Mercredi 13 mars 2024, les députés du Parlement européen ont définitivement adopté, par 464 voix pour, 92 contre et 65 abstentions, une loi protégeant les journalistes et les médias de l’Union européenne contre les ingérences politiques et économiques. Si cette loi est explicitement conçue contre certains pays conservateurs peu appréciés de l’Union Européenne, notamment la Hongrie, elle contient des articles intéressants, qui pourraient permettre une meilleure lecture des médias dans leur ensemble.
Une loi partiale ?
À la lecture non-exhaustive des discours qui ont accompagné le vote de la loi européenne de protection des journalistes et de la liberté de la presse, on sourit légèrement.
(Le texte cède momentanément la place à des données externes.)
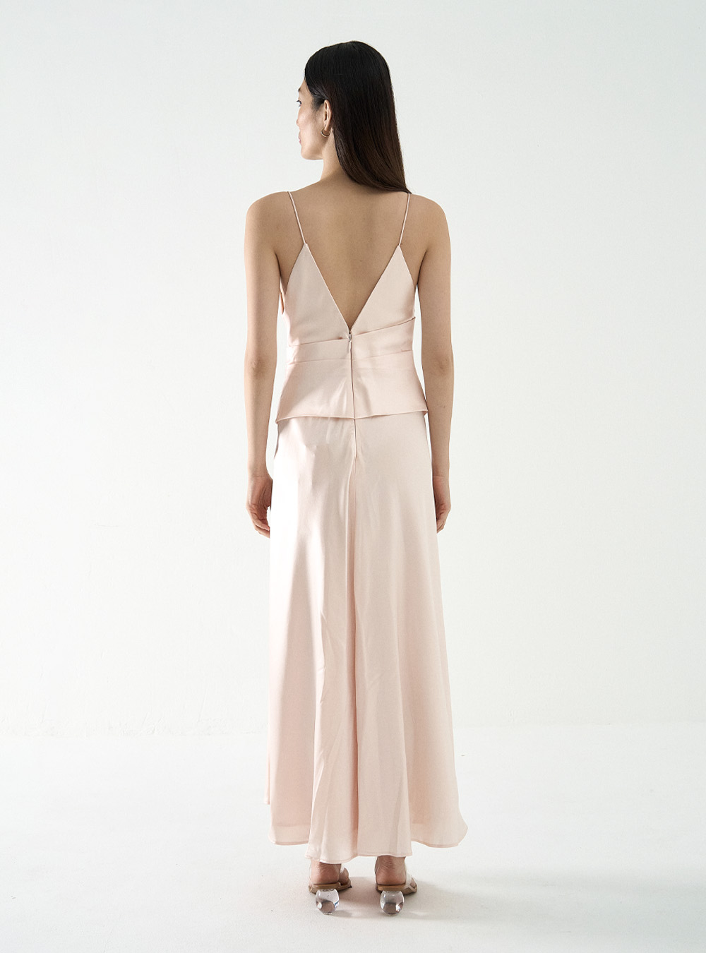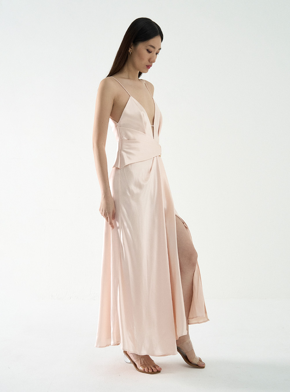Indulge in Acler’s Exton Maxi Dress, a soft pink satin piece that exudes luxury. Gold hardware and delicate thin straps add a layer of opulence to your occasionwear.

Lors du débat en assemblée plénière, Sabine Verheyen, députée allemande du groupe PPE, dont font notamment partie les LR, et rapporteur de la commission de la culture et de l’éducation, affirmait que « La liberté de la presse est menacée dans le monde entier, y compris en Europe : en témoignent les menaces à la liberté de la presse en Hongrie. » Ramona Strugariu, députée roumaine de Renew et rapporteur de la commission des libertés civiles, déclarait, elle, que « Ce règlement est une réponse à Orbán, Fico, Janša, Poutine et à tous ceux qui veulent transformer les médias en outils de propagande ou diffuser des fausses nouvelles et déstabiliser nos démocraties. »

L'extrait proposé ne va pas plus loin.